Это был тот самый малый с "Москвичом" на майке, только без панамы и в пиджаке. Панаму он нахлобучил на сына. В том, что мальчик был его сыном, сомневаться не приходилось -- оба словно вырубленные из одной глыбы, ядреные, большеголовые, ни дать ни взять два слоника с комода, первый и последний в ряду.
Изюмов, видно, узнал нас и хотел уступить нам свое место, но Сапожникова, которая его тоже узнала, плюхнулась с испугу на канатный ящик и затаилась. Этакая двухметровая мышка сидела, согнувшись в три погибели, на канатном ящике и изо всех сил старалась не смотреть в сторону кормы.
А между тем теплоход забирал все дальше в море, минуя прибрежные камни. Солнце еще карабкалось на Медведь-гору с той, не видимой нам стороны, но небо уже было освещено им и дымка над водой засветилась, а сама вода еще нет, и оттого она казалась совсем черной и маслянистой.
Все смотрели туда, где вот-вот появится солнце, и молчали, как будто молились на утро. И только Сапожникова ничего не видела вокруг себя. Она сидела на ящике, В любую минуту готовая сорваться и бежать очертя голову куда угодно, лишь бы подальше от неделикатных людей, которые могут, не со. зла, а просто потому, что иначе не умеют, испортить настроение на целый день, а то и хуже.
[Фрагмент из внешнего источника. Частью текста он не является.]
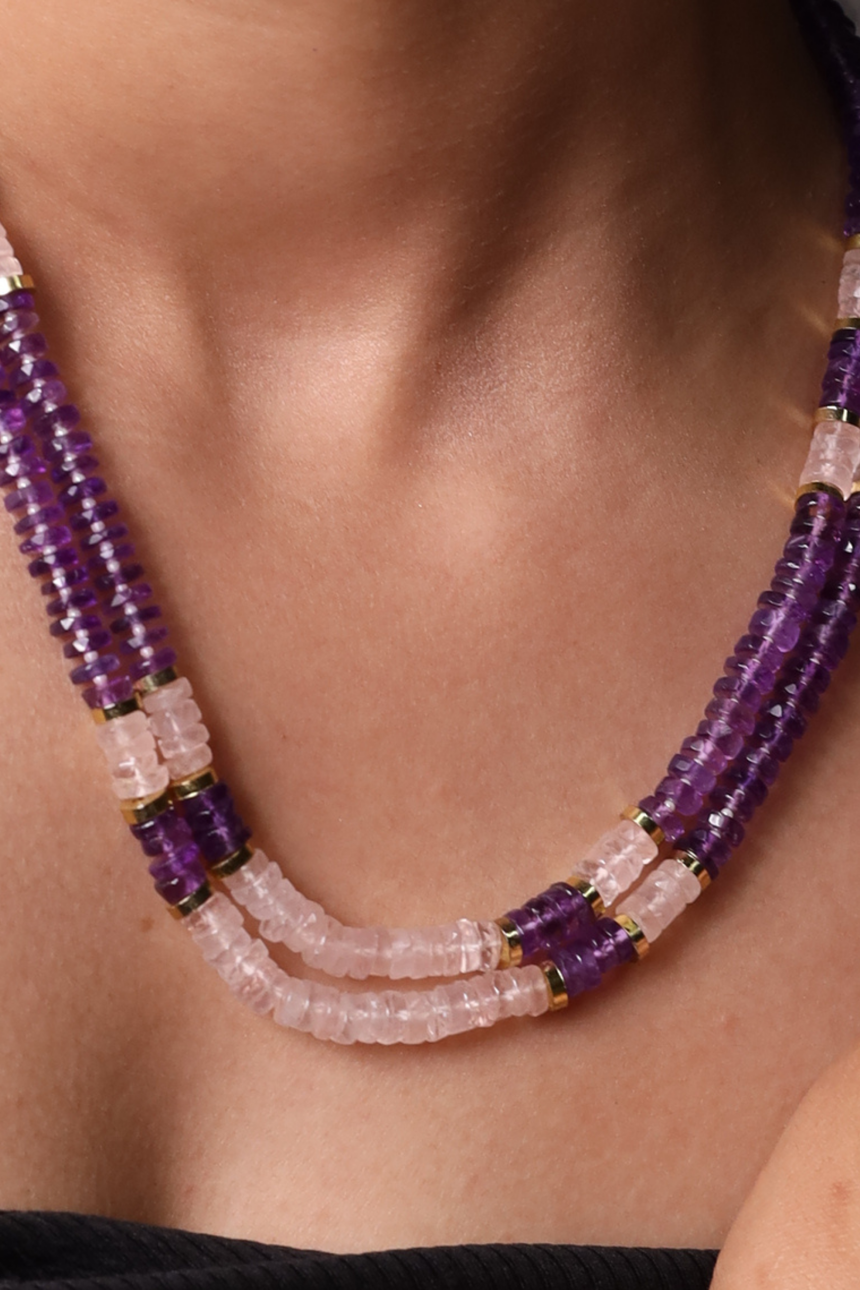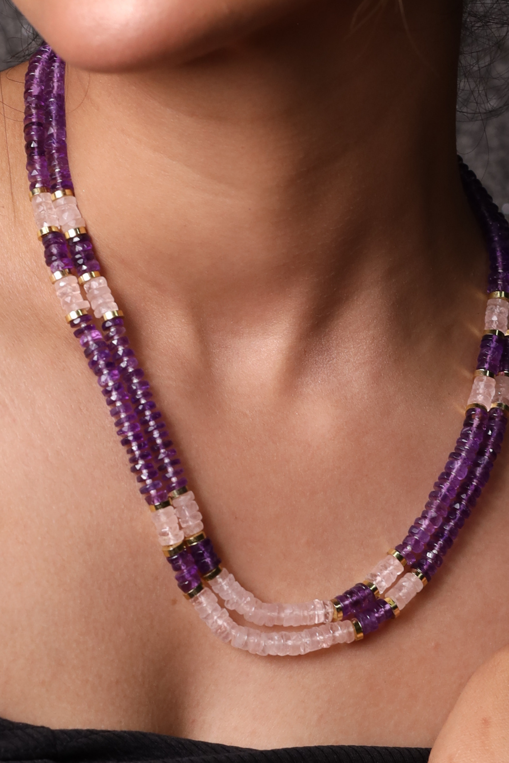 Amethyst and Rose Quartz Beads Necklace.

Я понимал ее и не понимал. С одной стороны, мне самому сколько раз приходилось страдать из-за таких людей, а с другой стороны, вроде бы не тот случай. Ну, не захотела женщина уступить нам место, которое предназначалось для ее мужа и ребенка, ну, опять появился этот балабол Изюмов... Это еще не повод, чтобы впадать в панику. Они сами по себе, а мы -- сами. Нельзя так болезненно переживать все, что тебе не по нутру, иначе можно свихнуться. Скорей уж я должен избегать этого Изюмова, ведь он мне чуть не навредил.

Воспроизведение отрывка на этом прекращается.